From hedge fund managers to mutual funds and even private equity managers, alternative data has the power to improve valuation of securities and boost the clarity of the investment process.
It enriches the structured data sets already acquired by investment management firms, fueling the potential for information advantage and providing a distinct differentiator in terms of speed and knowledge. In today’s competitive market, even a short window of opportunity or information advantage can lead to a dramatic boost in returns.
Sentiment data, geolocation data, credit/debit card transaction data, satellite data, email receipts data, web scraping data, web traffic data, and more are all valuable sources of information that contain latent insights useful for systematic and discretionary investing. Alternative data directly supports the goals of investment firms to help them outperform competition or benchmarks, and its use is becoming more prevalent.
Techniques like natural language processing and machine learning allow organizations to better capitalize on alternative data. These technologies enable processing of large, heterogenous, and unstructured sets at an extremely fast rate.
This article explores the challenges for alternative data adoption, how to overcome them, and explores the potential of automation.
Alternative data enriches the structured data sets already acquired by investment management firms, fueling the potential for information advantage and providing a distinct differentiator in terms of speed and knowledge.
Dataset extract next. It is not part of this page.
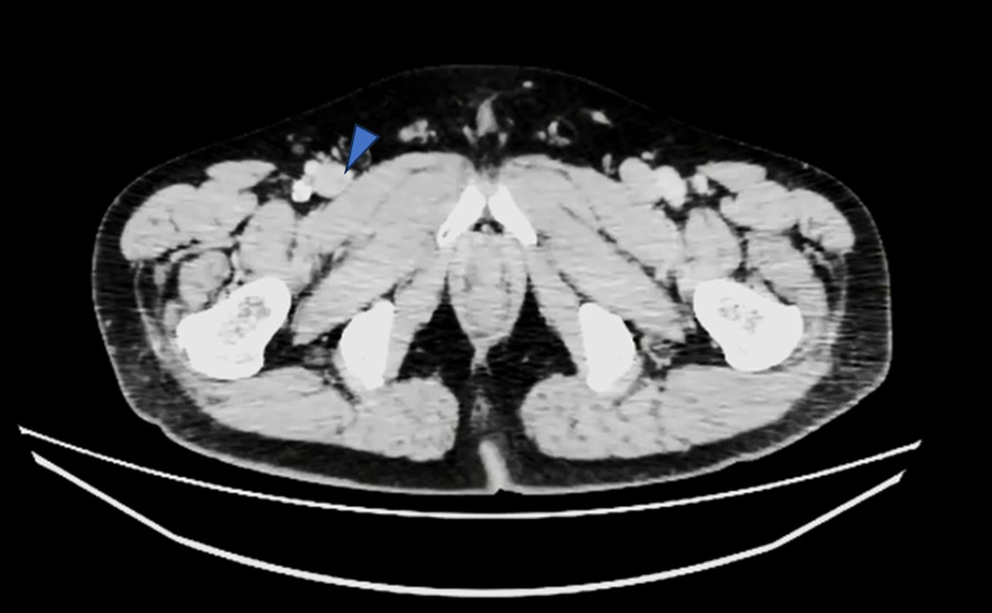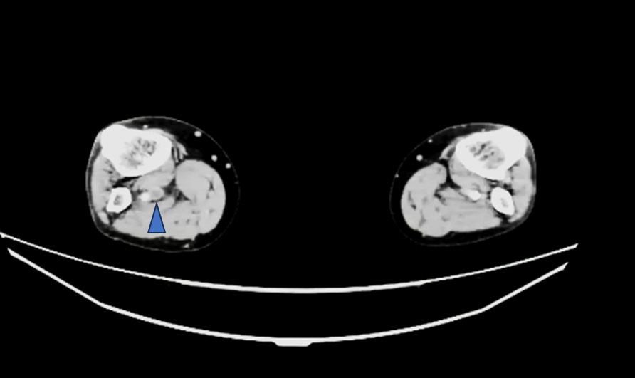現場で症例に気づき、寝台から降ろさずに放射線科に相談し腎機能低下していることから追加造影は行わずに管電圧を低くして撮影に対応し、病変部が観察できた症例になります。

In today’s competitive market, even a short window of opportunity or information advantage can lead to a dramatic boost in returns.
Sentiment data, geolocation data, credit/debit card transaction data, satellite data, email receipts data, web scraping data, web traffic data, and more are all valuable sources of information that contain latent insights useful for systematic and discretionary investing. Alternative data directly supports the goals of investment firms to help them outperform competition or benchmarks, and its use is becoming more prevalent. According to Deloitte, the industry is still in the early adopter phase, but the spending on alternative data by trading and asset management firms may exceed $7 billion by 2020.
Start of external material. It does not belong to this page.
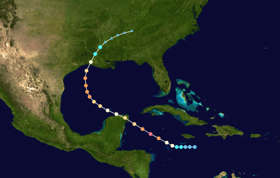 Ураган Дельта трек — Национальный центр ураганов После достижения статуса 4-й категории, он перешел через полуостров Юкатан, что ослабило его до категории 2.После ухода с полуострова Юкатан, он переместился в теплые воды залива, где прошел второй раунд быстрой интенсификации, снова достигнув статуса 4-й категории.

The Hurdles of Alternative Data Adoption
With much of the industry moving to widely adopt alternative data, it is paramount for investment firms to incorporate this strategy to avoid being left behind. However, these firms need also to consider the talent, capabilities, and infrastructure required to keep up with the proliferation in data sources and innovation in extracting alpha from these alternative datasets. To effectively incorporate alternative data into the investment or portfolio construction process, organizations will need both commitment and access to specialized approaches to analyzing and visualizing data.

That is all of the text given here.